How to Use Intel® oneAPI Math Kernel Library - Part One

ID 735082
Updated 6/15/2022
Version Latest
Public

author-image

By

Introduction

This article will show how to use Intel® oneAPI Math Kernel Library (oneMKL) BLAS functions in Data Parallel C++ (dpc++).  It will also show how to offload the computation to devices like CPUs and Intel® GPUs.

This article is the first of the oneMKL series.  Future articles will show how to use different oneMKL functions from LAPACK and from different domains like Vector Math, Fast Fourier Transform, (FFT), Random Number Generators (RNG) as well as offloading the computation to the GPUs using languages other than dpc++ like C.
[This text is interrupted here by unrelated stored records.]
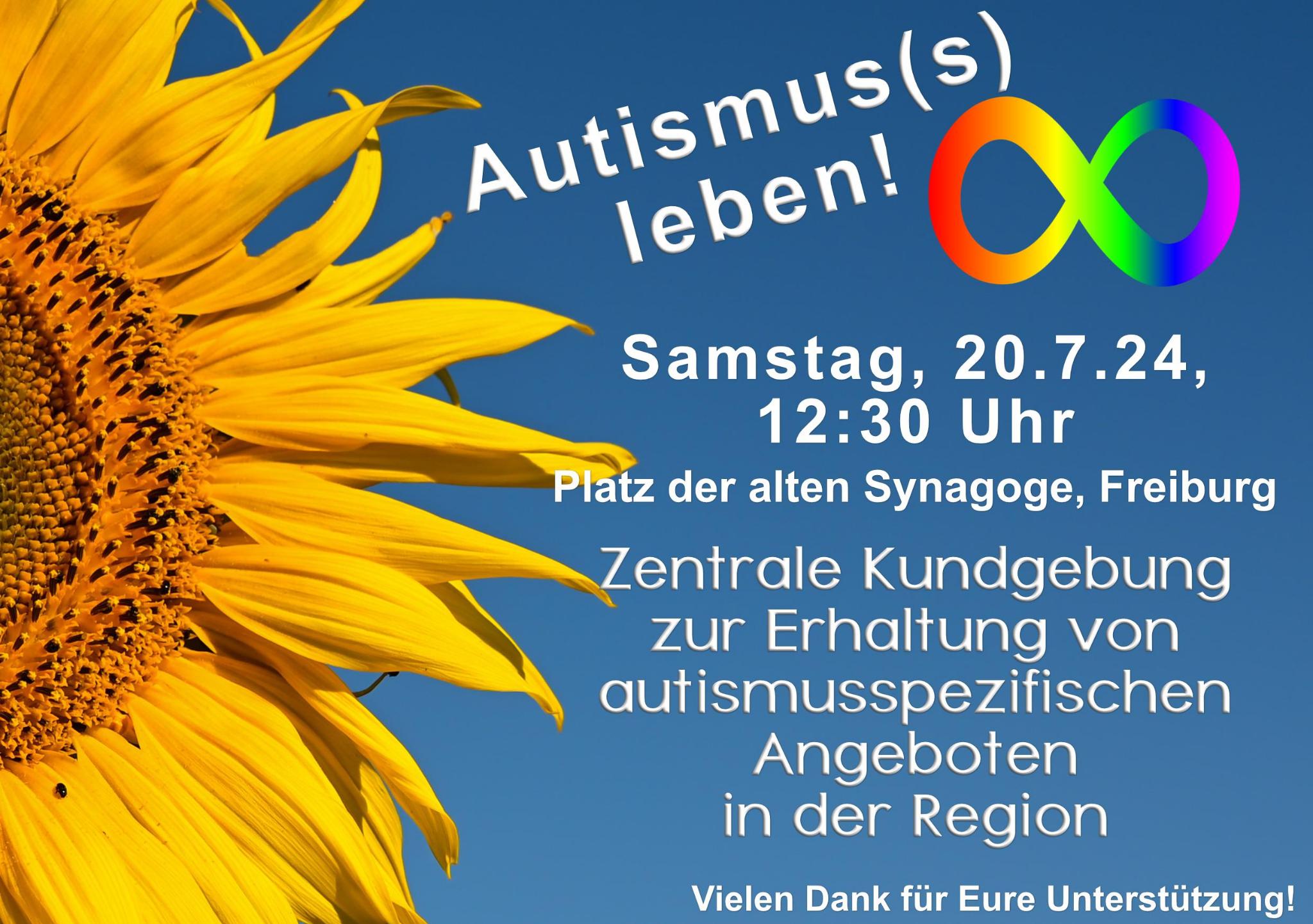 Aufgrund der drohenden Schließung des Zentrums für Autismus-Kompetenz Südbaden (ZAKS) und der ohnehin schlechten Versorgungslage in Bezug auf autismusspezifische Angebote in Südbaden findet diese Kundgebung statt. Neben Redebeiträgen wird es außerdem Infostände zum Thema Autismus geben.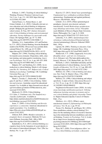 36. 	Hitchcock D. Critical Thinking // The Stanford encyclopedia of philosophy / ed. by E.N. Zalta, U. Nodelman. 2018. URL: https://plato.stanford.edu/archives/fall2018/entries/critical-thinking (accessed: 25.02.2025).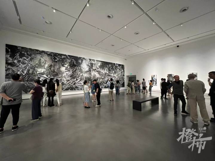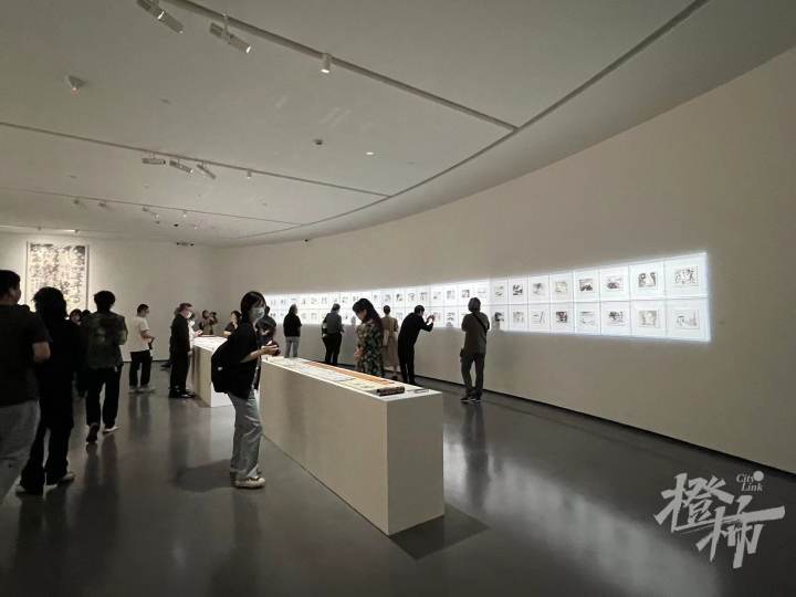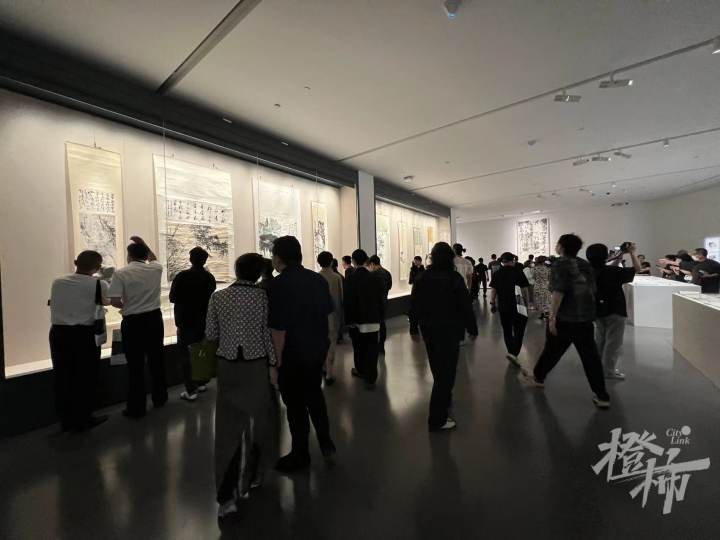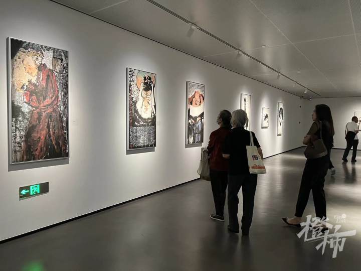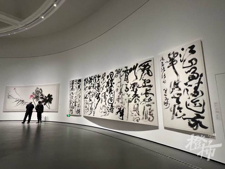 美术馆一楼圆厅“裳裳者华”板块以闵学林花鸟作品与描绘湖山的“西湖掠影”构成,回溯数十余年创作风貌的同时,一表艺术家对湖山的画心情志;“超以象外”板块则以闵学林巨幅书法为主,呈现奔浪惊雷、鸾舞蛇走的狂草之姿,展示闵学林七十余年的书法探索之路的最新面向。

Before continuing, let’s briefly talk about what dpc++ and oneMKL are all about.

What is DPC++?

Data Parallel C++ (DPC++) is the oneAPI Implementation of SYCL*.  It is an open and cross-architecture language and is designed for data parallel programming and heterogenous computing.

What is oneMKL?

Intel® oneAPI Math Kernel Library (oneMKL) is a high-performance math library that contains highly optimized, threaded and vectorized routines that can be used for scientific, engineering, and financial applications.
It Provides key functionality for dense and sparse linear algebra (BLAS, LAPACK, PARDISO), FFTs, vector math, summary statistics, splines and so on.
In addition, oneMKL automatically takes advantage of special features like Intel® Advanced Vector Extensions 512 (Intel® AVX-512) to improve the application performance.
More information about oneMKL can be found at the link in the reference section.
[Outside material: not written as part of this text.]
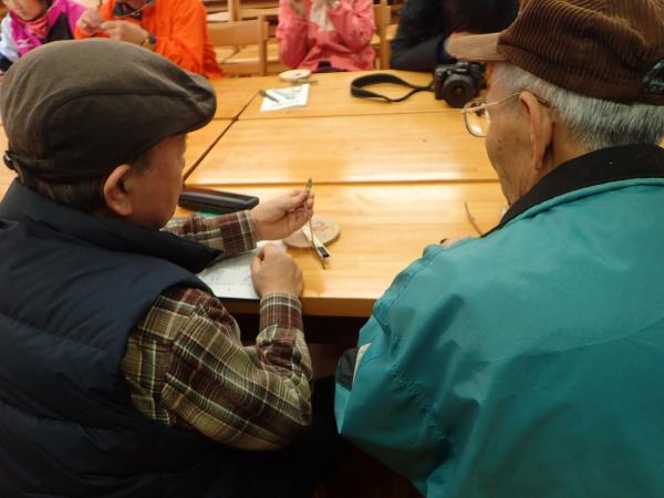 各種の樹木に特有な冬芽を、ルーペを使って観察していただき、野外に出て周辺を散策しました。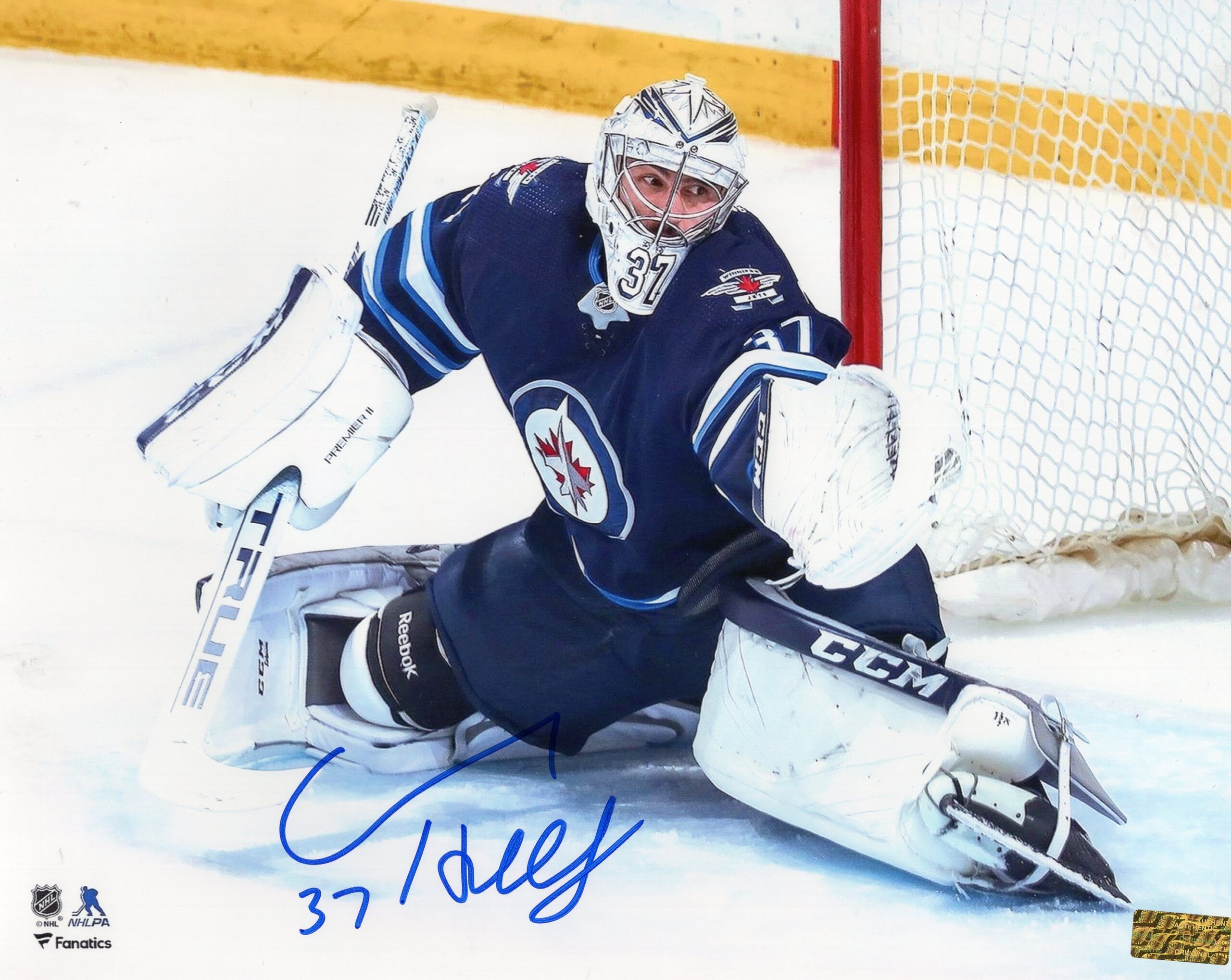 Connor Hellebuyck Winnipeg Jets Making A Save Autographed 8x10 Photo quantity

To use oneMKL, the following toolkits need to be downloaded and installed: 
Intel® oneAPI Base Toolkit.
https://www.intel.com/content/www/us/en/developer/tools/oneapi/base-toolkit-download.html

At the time of this writing, the latest version of the Intel® oneAPI Base Toolkit is 2022.2.  It contains version 2022.1 of dpc++ compiler and oneMKL.

The following section will show how to check if a system supports GPUs.

How to Check if a System supports Intel® GPU

Use the command sycl-ls to see if the system supports GPU. At the command prompt type:

sycl-ls

You will see something similar to this:

[opencl:acc:0] Intel(R) FPGA Emulation Platform for OpenCL(TM), Intel(R) FPGA Emulation Device 1.2 [2022.13.3.0.16_160000]
[opencl:cpu:1] Intel(R) OpenCL, 11th Gen Intel(R) Core(TM) i7-1185G7 @ 3.00GHz 3.0 [2022.13.3.0.16_160000]
[opencl:gpu:2] Intel(R) OpenCL HD Graphics, Intel(R) Iris(R) Xe Graphics 3.0 [30.0.101.1994]
[ext_oneapi_level_zero:gpu:0] Intel(R) Level-Zero, Intel(R) Graphics [0x9a49] 1.3 [1.3.0]
[host:host:0] SYCL host platform, SYCL host device 1.2 [1.2]

If you see opencl:gpu:2…  or level_zero:gpu… that means the system supports GPU.

For the list of supported GPUs, please see the oneMKL system requirement at:

https://www.intel.com/content/www/us/en/developer/articles/system-requirements/oneapi-math-kernel-library-system-requirements.html

The next section will show how to offload computation to GPUs.

How to Use oneMKL functions in a Program

The example below shows how to do matrix multiply of float data type: 

C = alpha * op(A) * op(B) + beta * C

Where:

A: Matrix of m x k dimensions
B: Matrix of k x n dimensions
alpha, beta: Constant
Note that op() means that either or both matrices A and B can  be of the following three types: trans, nontrans, conjtrans.

1)    Include appropriate header files

#include <CL/sycl.hpp>
#include "oneapi/mkl/blas.hpp"
#include "mkl.h"

2)    Initialize data 

// Matrix data sizes
int m = …;
int n = …;
int k = …;
// Leading dimensions of data
int lda = k;
int ldb = n;
int ldc = n;

float alpha = …;
float beta = …;

// Initialize Matrices A, B and C...

Note that A, B and C will be stored as vectors (std::vector).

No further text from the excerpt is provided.